Bouras est natif du Ksar Zenagua de Figuig où il rejoint une école coranique locale. Le premier déplacement du jeune Bouras rappelle la Rihla fî talab al-‘ilm qui le mène à Fès, puis à Marrakech. Il se lie à des amis avec qui il s’initiera à l’action politique au sein des cellules istiqlaliennes créées dans les classes de Ben Youssef. Puis commença une dynamique de mise en réseau, d’abord avec des étudiants de différentes villes en vue d’animer une organisation estudiantine, suivie de près par les conseils d’Abdallah Ibrahim. Lorsque Bouras passe à la résistance armée au début des années 1950, nous le voyons tisser des contacts entre une configuration de cellules à travers différentes villes. Casablanca figure comme base principale, d’où l’on rayonne vers Meknès, Fès, Agadir, Oujda, Nador, Tétouan et la prison de Kénitra. Le récit raconte, dans le menu détail, comment les résistants se procuraient des armes, comment ils se finançaient, les précautions qu’ils prenaient pour communiquer, les mots de passe, le codage des correspondances, les rencontres dans les maisons closes, les commerçants qui vendent l’alcool pour ne pas éveiller les soupçons, etc.

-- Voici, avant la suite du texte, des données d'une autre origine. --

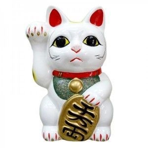 "Maneki" vient du verbe "Maneku" qui signifie "inviter" ou "saluer" et "Neko" désigne le "chat". La tradition veut qu'on mette un de ces chats dans les magasins pour attirer la fortune. La patte gauche est censée attirer les clients, la patte droite l'argent.
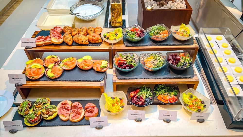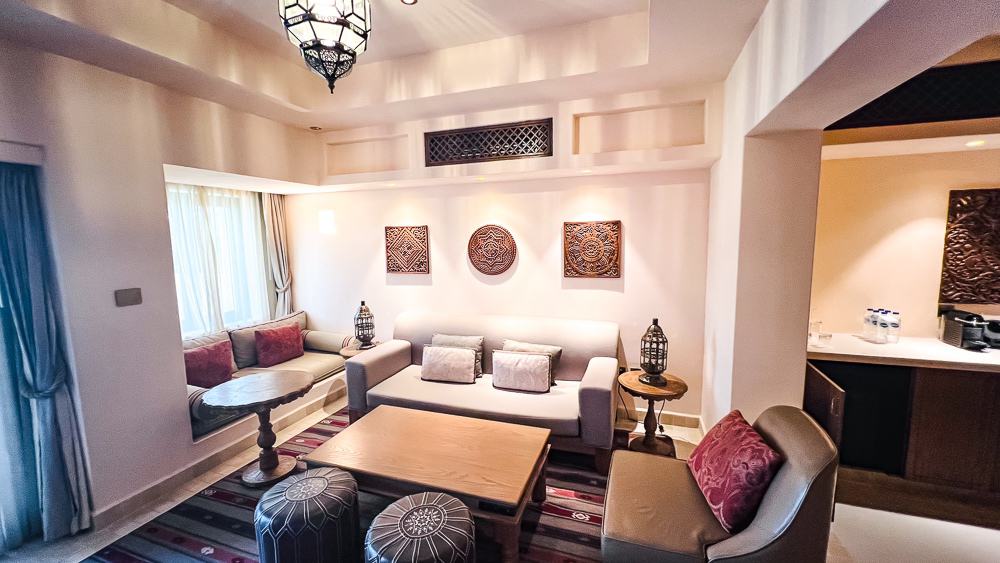 Un cocktail de bienvenue sans alcool nous sera offert à tous les quatre. Il en sera d’ailleurs de même à la piscine. Un petit buffet est mis à disposition des clients proposant des dattes et du thé arabe. Non loin de l’accueil se trouvent plusieurs jolis salons intérieurs qui se font suite ainsi qu’un salon business fermé.
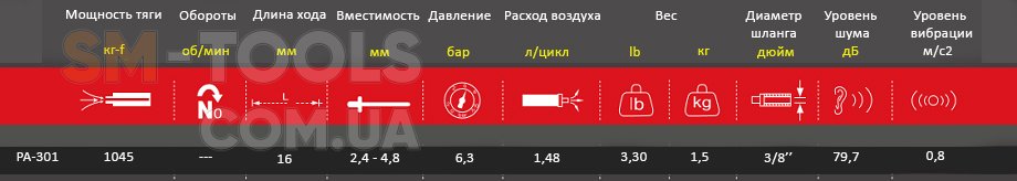 Характеристики Пневматический заклёпочник Mighty Seven PA-301:

En 1957, et sur la proposition d’Allal El Fassi, Bouras retourne dans sa région d’origine pour structurer l’Armée de Libération de l’Oriental qui va se retrouver face à différentes forces telles que l’armée française, le FLN algérien, la nouvelle armée royale et les éléments incontrôlés de l’armée de Libération. Bouras se voit diriger une force militaire qui est bientôt soumise à des stratégies de provocation. Il reçoit les échos des premiers gouvernements d’après l’indépendance, la scission de l’Istiqlal et la naissance de l’UNFP.
Recherché par la police dans le cadre des premières vagues d’arrestations, Bouras réussit à quitter clandestinement le territoire marocain. C’est alors le début d’une série de pérégrinations, comme pour de nombreux militants pour lesquels l’exil est un espace de formation militaire et de constitution de cellules qui préparent des projets d’actions armées au Maroc. Yougoslavie, Algérie, France, Moscou, Syrie, Allemagne Fédérale. Fausses identités, écoles de formation politique, camps d’entraînement militaire en Algérie, puis en Syrie sous l’égide du Parti Baâth. En 1970, Bouras annonce son retrait de l’organisation secrète dont il constate les maladresses suicidaires que « même un âne aurait pu éviter », selon les propres termes de l’auteur. C’est enfin le retour au Maroc en 1980, à la faveur d’une mesure de grâce. Au début de 2003, Bouras est sollicité par la Fondation Abderrahim Bouabid pour un témoignage enregistré par les soins de Moussaoui Ajlaoui, historien connaisseur du sujet, qui élabore une première version du manuscrit à partir de la transcription. C’est ensuite Ahmed Bouhsane, spécialiste des études littéraires, qui retouche le texte et rédige un texte introductif. Les deux ont fait un gros effort pour éviter l’anachronisme et restituer l’horizon culturel et politique du témoin à l’époque des événements relatés. De son côté l’acteur-témoin est modeste ; son discours ne verse pas dans l’autoglorification et la posture hagiographique (manâqib). De ce fait, malgré les limites inhérentes à tout témoignage, cet ouvrage nous rapproche du vécu, et donne une certaine intelligibilité à des séquences importantes de l’histoire récente.